§ **Given information**:

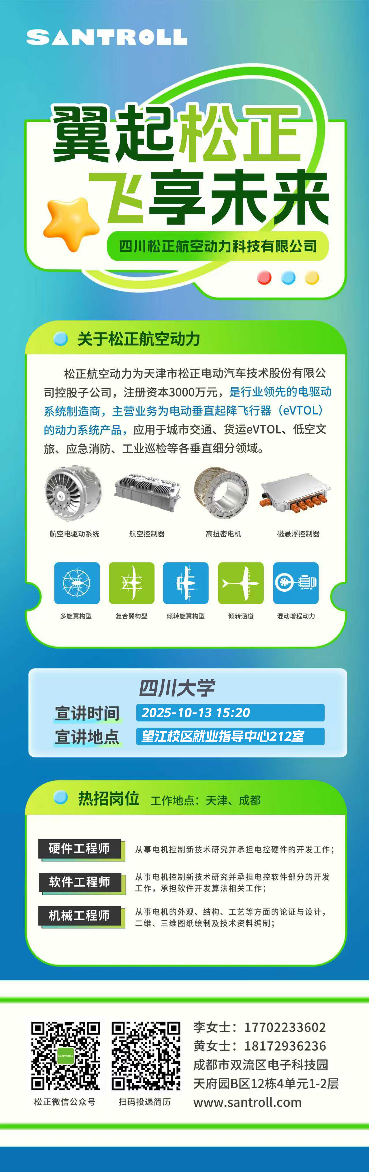 10月13日15:00就业指导中心212 四川松正航空动力科技有限公司【天津、成都】
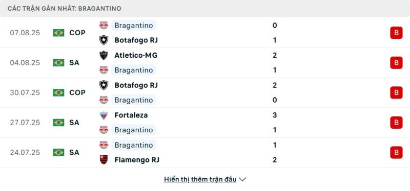 5 trận gần nhất của Red Bull Bragantino: L-L-L-L-L
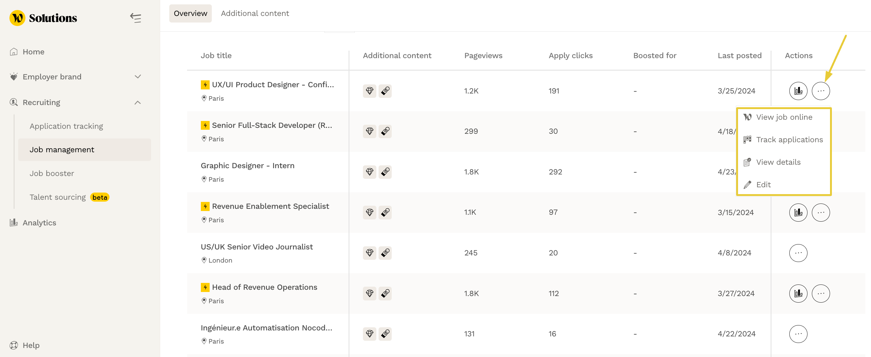 - "Edit": Allows you to modify the job post directly from this space (accessible only for companies using the Welcome to the Jungle Solutions ATS).

§ **The task**: Reproduce the data exactly as it appears above. Pictures are to be left out.

§ **Answer to this task**:
 10月13日15:00就业指导中心212 四川松正航空动力科技有限公司【天津、成都】
 5 trận gần nhất của Red Bull Bragantino: L-L-L-L-L
 - "Edit": Allows you to modify the job post directly from this space (accessible only for companies using the Welcome to the Jungle Solutions ATS).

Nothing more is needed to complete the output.